Bukan sebuah perasaan yang aneh atau salah. Dijelaskan Anna, kebutuhan mendapatkan pengakuan sebenarnya kebutuhan dasar yang sudah ada di setiap orang dan sudah ada sejak dulu kala. Hanya media dan bentuk penyalurannya saja yang berbeda-beda. Pada era media sosial, kemudahan orang lain memberikan tanggapan atau bereaksi dengan cepatlah yang membuat kebutuhan semacam ini sebaiknya dikendalikan, kecuali siap menjadi korban bullying karena kepalsuannya terlihat nyata.

Ketika yang terjadi sebaliknya pun sama mengerikan. Saat banyak orang terpesona dengan apa yang kita unggah, salah satu tanda memberi tanda “like” pada setiap unggahan, akan menyebabkan candu. “Apabila ada feedback yang didapat berupa jumlah follower atau like yang meningkat, maka hanya akan memperkuat perilaku berbohong di media sosial karena ada respons positif yang diinginkan itu,” terang Anna.

Cara Mencegah Diri Melakukan Insta-Lie

Di balik kesibukan kita mengurusi akun orang lain yang terasa fake, Anna justru mengajak kita untuk menjaga diri agar tidak ikut-ikutan menjadi pelaku Insta-Lie. Tetap punya akun media sosial, namun lebih riil dan manusiawi. Tip-tipnya seperti diuraikan Anna berikut ini.

- Supaya tidak fake, penting bagi seseorang untuk menemukan kebahagiaan atau kegembiraan yang real dan otentik.

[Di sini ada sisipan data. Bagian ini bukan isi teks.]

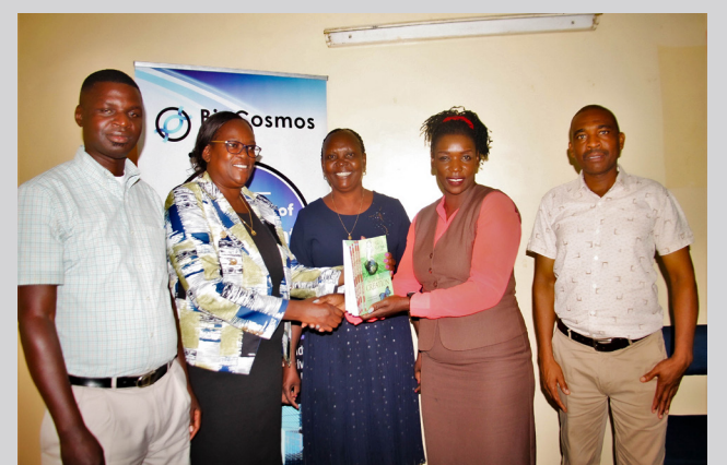
JOOUST Team receives book donations from the facilitators.

The students from these learning institutions will be drawn from diverse backgrounds and brought together with a view to realizing a common goal of upholding and advancing the core theory of Intelligent Design which states that "many features of the universe and life are best explained by an intelligent cause."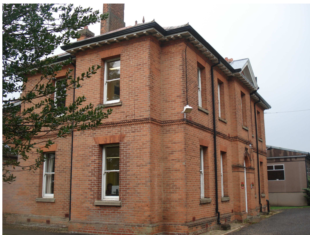
Cranbrook House, Queens Avenue, Aldershot – (part) west and south elevation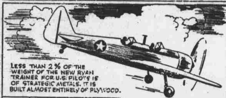
LESS THAN 2% OF THE WEIGHT OF THE NEW RYAN TRAINER FOR U.S. PILOTS IS OF STRATEGIC METALS. IT IS BUILT ALMOST ENTIRELY OF PLYWOOD.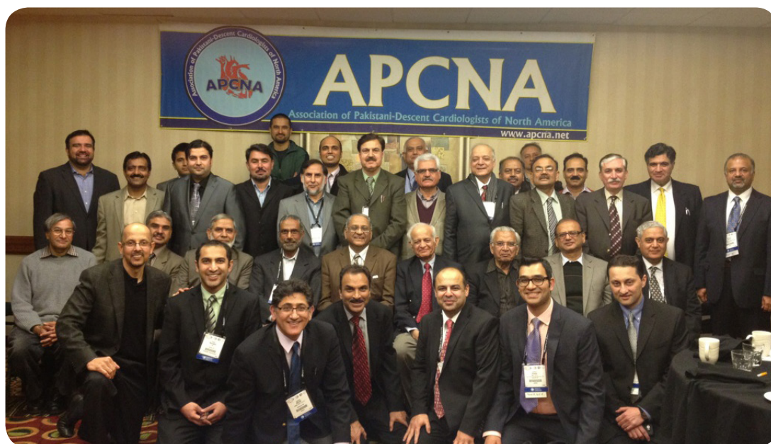
APCNA members attending this year’s ACC Convention in San Francisco

Further information about our pacemaker project can be obtained from www.apcna.net . For further information on “My Heart Your Heart project” please visit http://www.med.umich.edu/myheartyourheart/ .

Misalnya, menciptakan hubungan yang riil dengan teman dalam interaksi sehari-hari (bukan melalui media sosial) lebih memberikan kepuasan batin dibandingkan sekadar mengunggah foto sedang beramai-ramai dengan teman, namun tanpa interaksi yang berarti.

- Menerima bahwa hidup kita tidak selalu sempurna dan tidak selalu seindah yang seringkali terlihat di media sosial.

- Menyadari bahwa foto-foto di media sosial juga merupakan rekaan dan belum tentu mencerminkan kondisi sebenarnya. Hal ini akan membantu kita untuk menetralisir perasaan bahwa diri kita kurang oke, karena tidak bisa mencapai atau memiliki hal-hal yang ditampilkan di media sosial.

Menelusuri apakah memang keinginan untuk selalu menampilkan hal yang positif di media sosial, bahkan jika hal tersebut fake atau tidak mencerminkan kondisi yang sebenarnya didorong oleh perasaan 'I am not good enough'. Apabila hal ini terjadi, penting bagi individu tersebut untuk belajar menerima dan mencintai dirinya sendiri yang bisa dimulai dengan menerima kekurangan dan kelebihan diri. Dengan demikian, dorongan untuk menampilkan pencitraan yang positif tapi palsu di media sosial diharapkan bisa berkurang.